Here are some steps for developing SOPs:

  1. Go to where the work is being done (on the shop floor, in the paint room, at the car wash bay, in the office, etc.).
  2. Observe the work being done, identifying important steps, key points and reasons why the work is done a certain way.
  3. Document how the work is actually being done now. This will serve as the current standard and fuel discussion around how the work should be done, creating an improvement opportunity.
  4. Use the SOP document to engage the people working in the process to improve the process, distribute documentation on how things are currently being done and schedule a working lunch to have a discussion around improvement opportunities. Have the meeting where the work is done, not in the lunchroom.

More Benefits

SOPs offer many benefits that go beyond the three objectives I mentioned earlier.

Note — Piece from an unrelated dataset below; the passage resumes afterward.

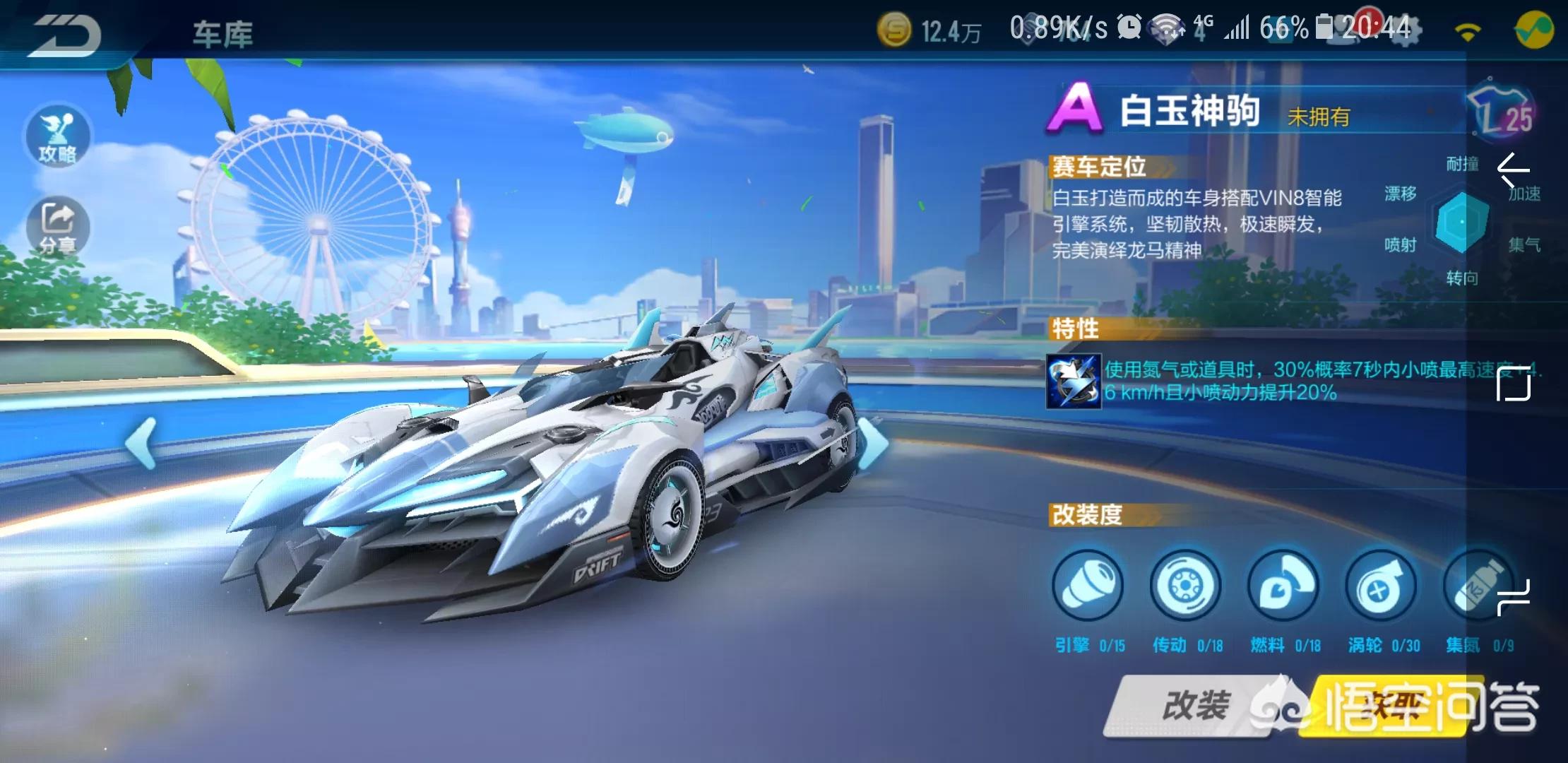 并且白玉神驹的外形我真的很喜欢,配色虽然简单,但很有感觉,怎么说呢?一种灵动的感觉,而且这车的特性无论是道具还是竞速都不错,加速这条属性也是最高的,但是遇到连续漂移时就不太满意了

Good SOPs will do the following:

  1. Strengthen competitive advantage of quality, speed and cost performance.
  • Improve training effectiveness and efficiency
  • Eliminate waste and relative cost
  • Reduce mistakes
  • Improve (first-time) quality workmanship and customer experience
  1. Enable development of resources and flexibility to perform a job.
  • Example: A disassembly technician calls in sick and will not be able to work for four days, leaving store “A” short in that department. Transfer to another store is easy when all disassembly technicians perform work to a standard.
  • Example: A parts manager gets swamped with orders arriving, so he recruits help from a shop porter or technician to perform parts check-in, quality verification and mirror matching.
  • Example: A customer service representative (CSR) is out three days while attending a training program. A CSR from another location is brought in to compensate for the CSR being away for a few days.
  1. Reduce workplace stress.
  2. Enable load leveling of people and/or jobs.

We’re Never Done

The collision industry continues to change at a rapid rate. With change comes many new and extraordinary opportunities that require us to continuously improve our processes and our systems.

Every improvement requires change, and change is always the challenge to overcome. We believe developing, executing and improving our SOPs is critical to our success today and in the future.